Interrompons ici la description, et procédons maintenant à une analyse plus approfondie de cette séquence…
L’influence du cinéma thriller dans JoJo – Analyse de la scène :
1) Le verre de vin
L’insistance sur un détail de la scène contribue au suspense :
La scène invite le lecteur à se focaliser sur le verre. Présent sur toutes les cases, même entre les deux époux lorsqu’ils se parlent. Et on en oublie de regarder autour, alors que le véritable danger vient de là !
L’insistance sur un ou plusieurs objets, en apparence anodins mais autour desquels va tourner l’histoire, est d’ailleurs un procédé caractéristique des films d’Hitchcock. Dans le film La corde, par exemple, l’histoire tourne autour d’une corde et d’un coffre, qui constituent les preuves d’un crime. Tout dans le film invite les spectateurs à se focaliser sur ces deux objets. Mais, au final, l’indice qui apportera la preuve du crime ne sera ni la corde, ni le coffre, mais un chapeau oublié par la victime !
Dans chaque film d’Hitchcock, il y a des objets qui deviennent des motifs récurrents. Ainsi, dans L’Ombre d’un doute, c’est une bague décorée d’une émeraude. Dans L’Inconnu du Nord-express, c’est un briquet et une paire de lunettes.
Dans JoJo, on trouve également un certain nombre d’objets récurrents, sur lesquels les dessins se focalisent, ne serait-ce que le temps d’une scène. Cela permet de faire avancer l’histoire :
L’inventaire détaillé serait trop long mais, si on prend seulement le tout début du manga, on peut relever : un poignard, le masque de pierre, une lettre, la poupée d’Erina, le mouchoir de Jonathan, la valise de Dio, la montre de Jonathan (liste non exhaustive). Dans chaque scène, pratiquement, il y a un objet-clé. Ce sont ces objets (dont certains sont importants et d’autres complètement anodins) qui permettent de faire progresser l’intrigue et de créer des liens entre les personnages.
Certains de ces objets forment un décor très théâtral. On peut par exemple relever le rideau, le poignard et le masque, ainsi que l’allumage progressif des lumières pour éclairer la pièce, dans la scène où Dio est pris au piège par la police. Cette scène semble inspirée par la littérature policière, où la révélation du coupable est souvent très théâtralisée. Certains objets du manga évoquent d’ailleurs directement le thriller, mais aussi les romans ou films policiers. Comme le poison, les menottes, le chapeau « style Sherlock Holmes« , la pipe, les lettres et le carnet.
Enfin, le combat final se déroule sur un bateau, en plein milieu de l’océan. C’est un décor très symbolique, souvent utilisé pour les confrontations dans les thrillers car le bateau constitue un huis-clos coupé du monde et dont on ne peut s’échapper.
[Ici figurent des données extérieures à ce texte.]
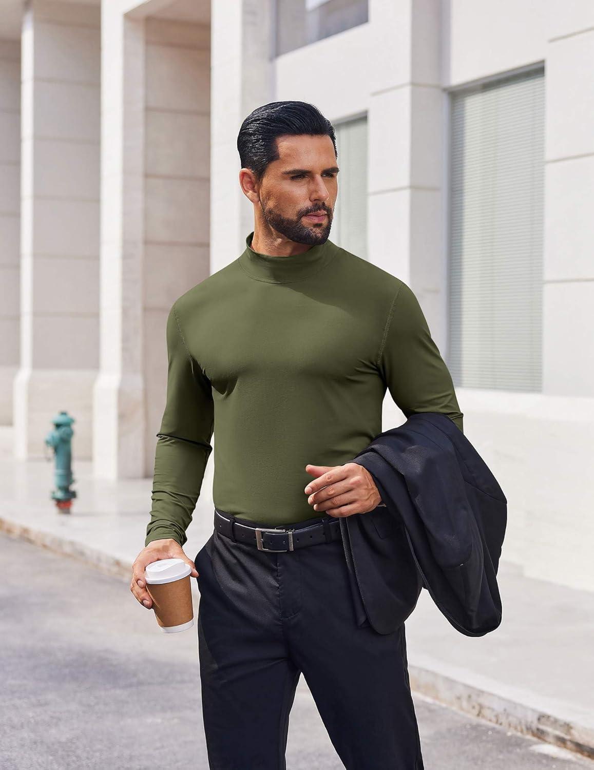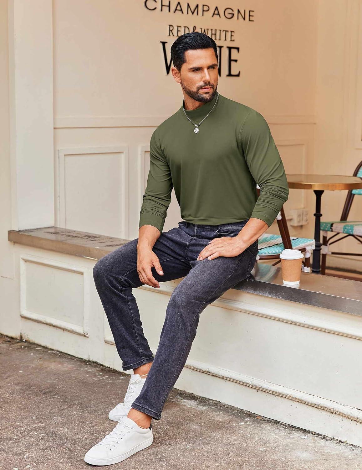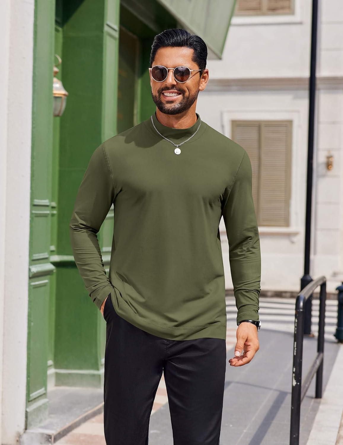 COOFANDY Mens Mock Turtleneck Long Sleeve Shirts Casual Basic T-Shirt Lightweight Mockneck Pullover Sweater for Men(Army Green)

Les personnages sont donc seuls face à face, et face à leur destin, au milieu de l’immensité. L’espace extérieur, divisé seulement entre la mer et le ciel, renforce l’expression de la dualité.
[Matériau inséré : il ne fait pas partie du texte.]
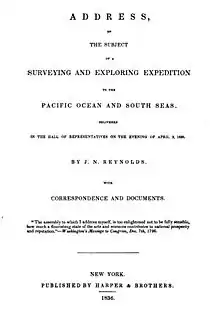În numărul din ianuarie 1837 al Southern Literary Messenger, Edgar Allan Poe a recenzat Address, on the Subject of a Surveying and Exploring Expedition to the Pacific Ocean and South Seas (New York, 1836) first given to the House of Representatives on 2 aprilie 1836 al lui Reynolds.[9]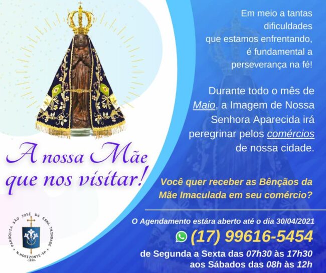 A Paróquia informa que quem quiser receber a visita e a bênção, agende na secretaria.A iniciativa ocorrerá durante todo o mês maio,mês este dedicado.
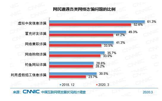 通过对遭遇网络诈骗网民的进一步调查发现:虚拟中奖信息诈骗仍是网民最常遭遇的网络诈骗类型,占比为52.6%,较2018年底下降8.7个百分点;冒充好友诈骗的占比为41.2%,较2018年底下降8.1个百分点;网络兼职诈骗的占比为33.5%,较2018年底下降7.8个百分点。

Le damier noir et blanc : un motif symbolique
Comme dans les films d’Hitchcock, il y a dans les décors de JoJo des motifs récurrents, et très symboliques.
Pour ne prendre que Phantom Blood, on peut relever par exemple le motif du damier en noir et blanc, avec le carrelage sur le sol du manoir au début du manga, ou encore le chapeau de Zeppeli.
Ce motif est prolongé par les carreaux des fenêtres du manoir, ou encore les cordages du navire à la fin. Ces lignes qui se croisent symbolisent l’entrecroisement des destinées, peut-être aussi l’idée que les personnages sont comme prisonniers du destin.
On trouve en outre le motif de la chaîne, lors du combat de Jonathan contre Tarkus, qui peut aussi rappeler cette idée. Et l’alliance que Dario Brando a volée à la famille Joestar symbolise le lien entre les deux familles. Là encore, elle file la métaphore d’une destinée tragique et mythique qui s’étend au-delà des années et des générations.
Quant au motif même du damier, il évoque bien sûr l’opposition et la complémentarité du bien et du mal.
Autres motifs omniprésents : la hauteur et le mouvement d’ascension.
Lorsque Dio monte les escaliers du manoir au début du manga, cela symbolise bien sûr ses ambitions. Lorsqu’il s’est transformé en vampire, il n’a plus besoin d’emprunter les escaliers, et peut s’élever en marchant directement sur le mur. Il n’est plus soumis aux règles humaines, ni même aux règles physiques comme la gravité. Il a donc gagné, en même temps qu’un nouveau pouvoir, une nouvelle liberté.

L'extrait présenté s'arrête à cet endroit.